There’s an opening for a new “Young Gun,” the not-so-very-young pols whom the Republican National Congressional Committee is grooming to be the “future leaders of America.” The Young Guns program lost a promising member last week when it was disclosed that Rich Iott, the GOPer running against Democratic Rep. Marcy Kaptur in Ohio, likes to dress up like a Nazi as part of his membership in the 5th SS Wiking Panzer Division, a group of Ohio World War II reenactors with a difference:

According to their website, the Wikings strive to “salute” the “idealists” from occupied northern Europe who saw the Third Reich as “the protector of personal freedom and their very way of life” and signed up to fight for the Wermacht and “gave their lives for their loved ones and a basic desire to be free.

While the RNCC doesn’t really seem to care so much about just how right their right wingers are (the righter the better seems to be the case), they do shy away from a such a glaringly public association with the actual prototypes of racist murderers, hence the opening. And prominent on their Young Guns Webpages, as a “contender” for Young Gun status, is none other than Missouri’s own Ed Martin, Russ Carnahan’s Tea Party opponent for the 3rd district House seat.

So what would Martin’s selection as a Young Gunner mean – besides getting lots of money?
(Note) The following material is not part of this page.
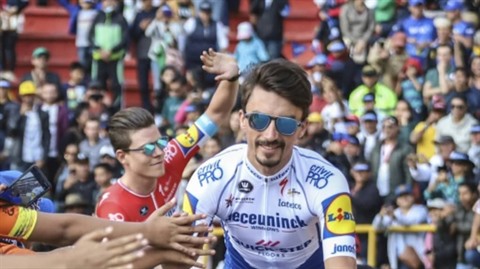 | Le Français Julian Alaphilippe pendant la parade précédant le Tour de Colombie le 9 février 2020 à Tunja. |

Simply that the RNCC thinks he has a realistic chance of winning his race and getting into congress where he could support the Young Guns agenda.
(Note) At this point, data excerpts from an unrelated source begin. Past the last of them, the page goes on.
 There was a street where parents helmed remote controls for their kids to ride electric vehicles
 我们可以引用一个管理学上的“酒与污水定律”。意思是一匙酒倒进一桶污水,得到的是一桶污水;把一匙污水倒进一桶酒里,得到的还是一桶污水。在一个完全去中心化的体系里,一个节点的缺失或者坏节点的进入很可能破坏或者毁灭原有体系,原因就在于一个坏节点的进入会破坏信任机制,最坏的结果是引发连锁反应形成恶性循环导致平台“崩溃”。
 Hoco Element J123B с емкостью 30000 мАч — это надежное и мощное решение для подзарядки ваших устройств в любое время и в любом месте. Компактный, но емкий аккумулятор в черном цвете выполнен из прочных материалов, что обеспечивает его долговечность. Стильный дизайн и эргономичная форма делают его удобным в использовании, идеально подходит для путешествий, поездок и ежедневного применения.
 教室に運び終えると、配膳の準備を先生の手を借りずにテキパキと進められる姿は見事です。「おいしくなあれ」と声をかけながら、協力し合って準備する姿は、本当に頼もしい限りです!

And what is that agenda? Just consider that  Young Guns is the title of a book by Reps. Eric Cantor, Paul Ryan, and Kevin McCarthy, the avant garde of retrograde GOPism. They like to think of themselves as not belonging to “your grandfather’s Republican party.” And they’re right. My grandfather’s Republican party was the party of moderate Nelson Rockefeller – they are more like my great, great grandfather’s Republican party, the one owned by John D. Rockefeller and Cornelius Vanderbilt during the Gilded Age. Not a really nice time for the working man or the tiny middle class of the period as I recollect.
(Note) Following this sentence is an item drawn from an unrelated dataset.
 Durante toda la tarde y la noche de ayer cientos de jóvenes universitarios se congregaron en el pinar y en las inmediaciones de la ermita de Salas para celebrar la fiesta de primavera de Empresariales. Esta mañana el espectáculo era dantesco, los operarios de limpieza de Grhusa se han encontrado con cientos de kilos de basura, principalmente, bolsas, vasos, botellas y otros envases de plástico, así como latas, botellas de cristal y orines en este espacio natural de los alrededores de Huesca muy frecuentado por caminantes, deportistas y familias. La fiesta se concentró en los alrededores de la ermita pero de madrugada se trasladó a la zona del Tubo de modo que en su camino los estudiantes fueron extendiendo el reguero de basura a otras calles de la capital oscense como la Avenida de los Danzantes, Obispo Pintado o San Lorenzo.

This Americans United video may be satirical, but it’s on the money in its depiction of the exemplary young guns and their targets:

Apart from the original young guns spurious intellectual aspirations, Ed Martin should fit right in. He has, after all, already tweeted his allegiance to Ryan’s “Road Map for America’s Future” which aims to slash entitlement programs as part of dismantling the entire government, although, sly boots that he is, he is careful to run for cover when directly confronted with his support for the agenda that dare not say its name. As SMP blogger Hotflash puts it:

True, Ed Martin is not on record ever having uttered the words, “I support privatization of Social Security,” but unless he didn’t know even the most basic information about the Ryan plan, he implicitly stood in favor of privatization.

Only lately has Martin started acting as if he hadn’t noticed that little privatization thingie in the Ryan plan. But he is, at least, very sure where he stands now–in the only safe spot for a candidate with a prayer of getting elected.

Of course, it is where they stand after they get elected that defines members of the party of the Big Lie.